Does Impaired Movement Impair Thinking About Movement?
Challenging embodied cognition—a popular mind body hypothesis.
Posted October 17, 2019 | Reviewed by Matt Huston
This post was co-authored by Stacey Humphries, Ph.D.
Imagine an apple sitting on the table in front of you. It’s rich, blood red, and its shiny skin gleams in the light. Consider how it would feel to pick it up—smooth and cool in your hand. Visualize biting into it; the satisfying feeling on your teeth, the loud crunch, its juiciness, and the perfect blend of sweet and tart.
You probably found it easy to bring to mind memories of your visual, auditory, tactile, and gustatory experiences with apples. Some cognitive scientists would say that you simulated these sensory experiences, and the sensory systems in your brain were active as you did so. Experiments have shown that when people imagine visual information such as color, form, or motion, the same areas of our brains are activated as when we actually perceive color, form, and motion in the world. Similarly, imagining reaching to grasp and pick up the apple may have activated your motor cortex in a similar way as if you had really moved your hand. But to what extent do people draw on this embodied perceptual knowledge when they encounter or use the word “apple?”
This question reflects one of the most controversial debates in cognitive science: How is meaning represented in the brain? At stake is the issue of whether the format of thought is amodal or modality-specific. That is, are thoughts about actions, objects, and emotions represented in the same neural format as actual experiences of those same actions, objects, and emotions?

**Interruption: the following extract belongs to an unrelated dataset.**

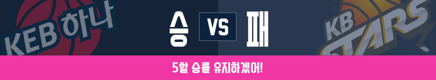 KEB는 최근 2연패를 기록 중이다. 이날 경기에서 패배하면 9승 10패로 삼성생명과 공동 2위가 된다. KB 역시 2연패 수렁에 빠졌다. 이날 승리하면 공동 4위로 올라갈 수 있다는 점에서 두 팀의 박빙 승부가 예상된다.
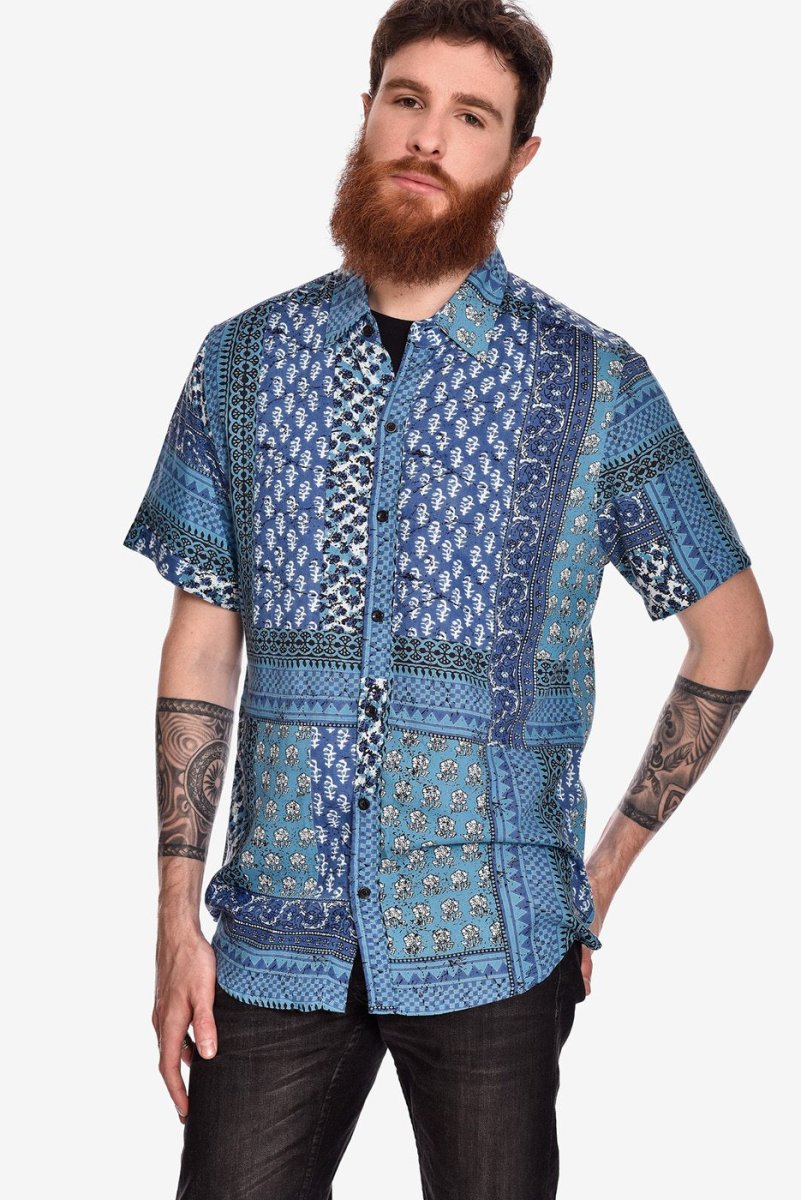 La Camisa Rock Pachwork Azul es de manga corta y corte recto. Tejido fluido, de tacto suave y fácil planchado.

Those who answer "yes" to this question subscribe to the embodied cognition hypothesis. By contrast, other scientists argue that while thoughts can certainly be about sensory experiences, it does not automatically follow that the thoughts themselves are in the same format as actual sensory experiences. This camp believes that thoughts are more abstract.
The embodied cognition hypothesis has been influential in explaining the results of experiments showing that modality-specific regions of the brain are activated by words referring to those modalities. Words like “red” activate visual areas that process color, words referring to objects with strong acoustic features such as “telephone” activate sound processing areas, and so on. But how can the embodied cognition hypothesis account for how we understand more abstract words like “freedom,” which don’t have obvious concrete sensory features?
Even concrete verbs like “grasp” can mean something different when talking about grasping an apple versus grasping a new idea. Metaphorical uses of nouns, verbs, adjectives, and prepositions abound in everyday language and go largely unnoticed. We feel warmly towards people we like, a difficult week at work makes us feel in over our heads, and a negative interaction leaves a bad taste in our mouths. What’s going on in our brains when we use words in this figurative way? Does kicking the habit cause the same neurons to fire in your motor cortex as kicking the ball?
We tackled this question by comparing a group of people with Parkinson’s disease—a condition that progressively impairs the motor system in the brain—to a group of healthy older adults without the disease. We tested how well the participants understood metaphors using action words figuratively (e.g., “The promised money scurried out of sight”) and metaphors using sound words figuratively (e.g., “The inn groaned at the new guests”). We reasoned that if metaphorical uses of words are represented in the same sensory and motor brain systems as they are when used literally, people with Parkinson’s disease should perform more poorly on the action metaphors relative to the sound metaphors, while the control group should show no difference between the two types of metaphor.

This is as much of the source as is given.